Only posts from 2017 are returned.

For now, we've excluded scraping for the names of users and pages who have shared a post. Currently, the node for that request in Graph API is unreliable, so we may do it only once we've determined the top fake news posts.

Note that some cleaning is required for the desired formatted output. Here are the functions and the returned data before cleaning and formatting is implemented:

In [3]:
# helper function to catch HTTP Error 400 (Internal Error)
def request_until_succeed(url):
    success = False
    while not success:
        try:
            response = urllib.urlopen(url)
            
            if response.getcode() == 200:
                success = True
        except Exception as e:
            print(e)
            time.sleep(5)
            print('Error for URL %s: %s' % (url, datetime.datetime.now()))
        
    return response.read()


# returns information about posts on a page
def get_feed_data(page_id, access_token):
    # create url
    base = 'https://graph.facebook.com/v2.12'
    node = '/' + page_id + '/feed'
    params = '/?fields=name,created_time,message,reactions.type(LIKE).limit(0).summary(total_count).as(like),reactions.type(LOVE).limit(0).summary(total_count).as(love),reactions.type(WOW).limit(0).summary(total_count).as(wow),reactions.type(HAHA).limit(0).summary(total_count).as(haha),reactions.type(SAD).limit(0).summary(total_count).as(sad),reactions.type(ANGRY).limit(0).summary(total_count).as(angry),reactions.type(THANKFUL).limit(0).summary(total_count).as(thankful),reactions.limit(0).summary(total_count).as(total_reacts),comments.limit(0).summary(true),shares&access_token=%s' % (access_token)
    url = base + node + params
    
    # retrieve data
    feed_data = json.loads(request_until_succeed(url))
    data = []
    
    # keep paginating until all 2017 posts have been scraped
    # note: some posts from 2016 may be included as well
    while feed_data['data'][0]['created_time'][:4]!='2016':
        try:
            data += feed_data['data']
            feed_data = requests.get(feed_data['paging']['next']).json()
        except KeyError:
            break
    
    # final filtering for 2017 posts only
    data = [data[x] for x in range(len(data)) if data[x]['created_time'][:4]=='2017']

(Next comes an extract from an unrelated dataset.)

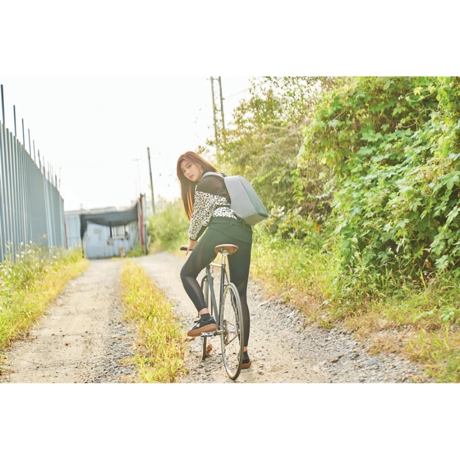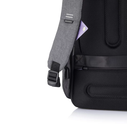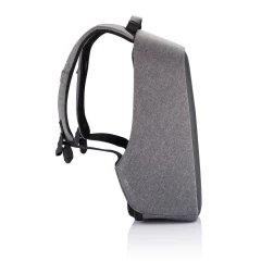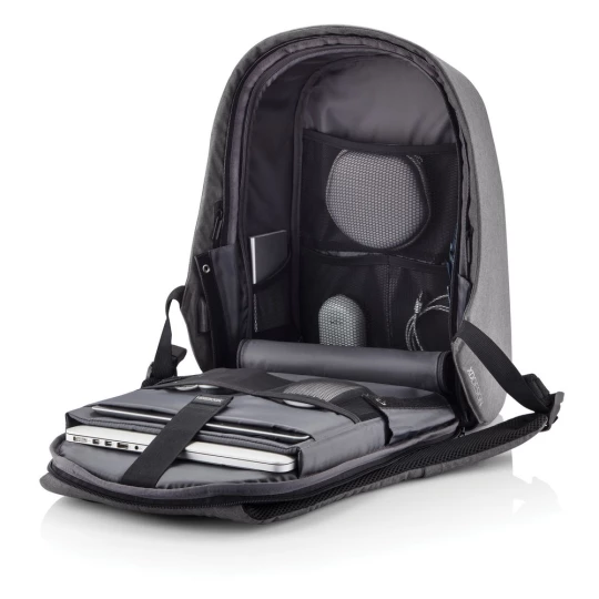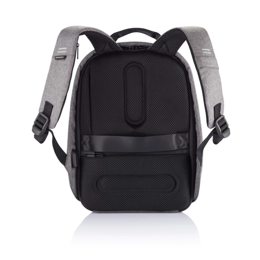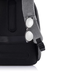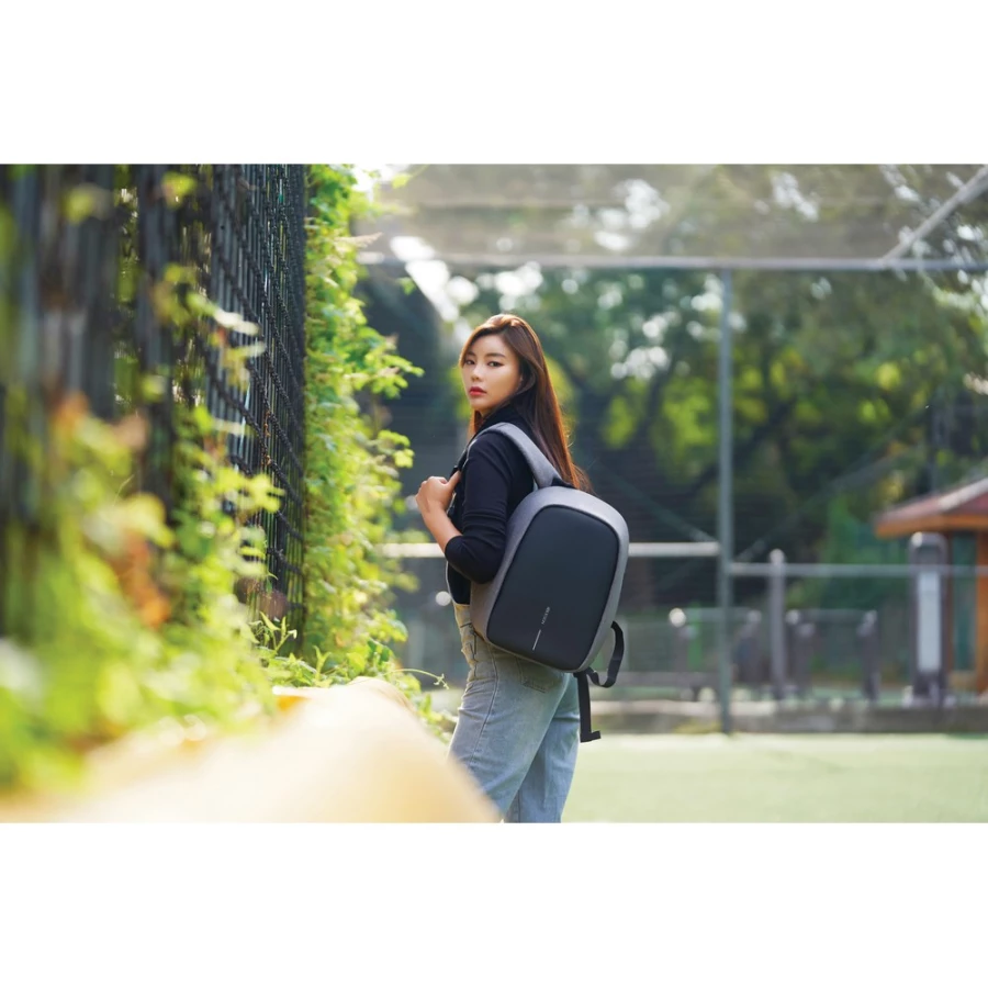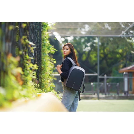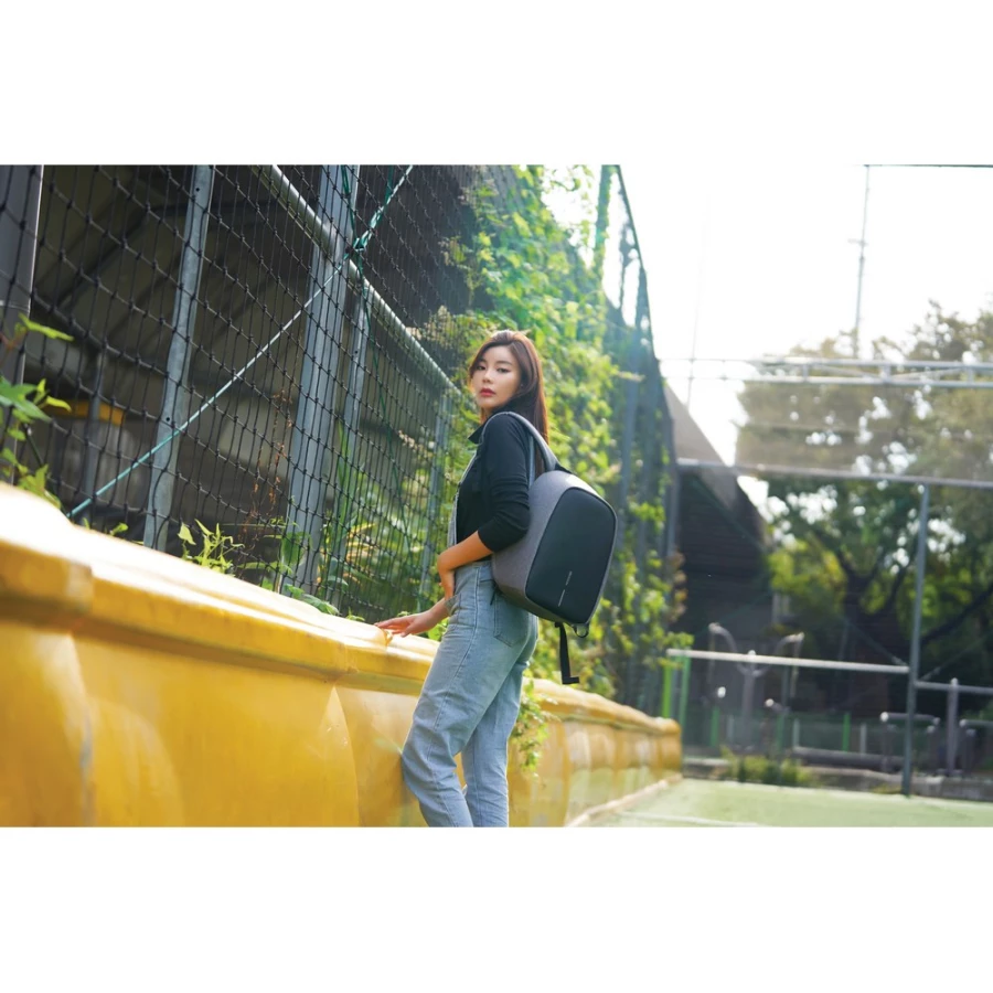 Plecak chroniący przed kieszonkowcami Bobby Hero Small, wodoodporny i odporny na przecięcia materiał, wykonany z przyjaznego środowisku materiału RPET, ukryte zamki i kieszenie, wewnątrz miękkie przegrody na laptopa do 13,3" i tablet do 12,9", zintegrowany port USB do ładowania telefonów (power-bank nie jest dołączony), odblaskowe paski zwiększające widoczność, pasek do zamocowania na walizce, wzór zastrzeżony®, ślad węglowy produktu: 6,28 kg CO2

    print('Number of posts scraped:', len(data))
    return data


# only print the first result
print(json.dumps(get_feed_data(page_ids[0], access_token)[0], indent=4, ensure_ascii=False))

Number of posts scraped: 278
{
    "name": "Poor Old Man Accidentally Scratches Luxurious Car, Leaves Note That Touches Everyone’s Heart",
    "created_time": "2017-12-24T20:29:19+0000",
    "like": {
        "data": [],
        "summary": {
            "total_count": 52
        }
    },
    "love": {
        "data": [],
        "summary": {
            "total_count": 2
        }
    },
    "wow": {
        "data": [],
        "summary": {
            "total_count": 0
        }
    },
    "haha": {
        "data": [],
        "summary": {
            "total_count": 0
        }
    },
    "sad": {
        "data": [],
        "summary": {
            "total_count": 2
        }
    },
    "angry": {
        "data": [],
        "summary": {
            "total_count": 0
        }
    },
    "thankful": {
        "data": [],
        "summary": {
            "total_count": 0
        }
    },
    "total_reacts": {
        "data": [],
        "summary": {
            "total_count": 56
        }

## Data Cleaning

A lot of the data is unnecessarily nested, and not all fields are required. Thus, we added in code to remove what is not needed and to fix the format of the output.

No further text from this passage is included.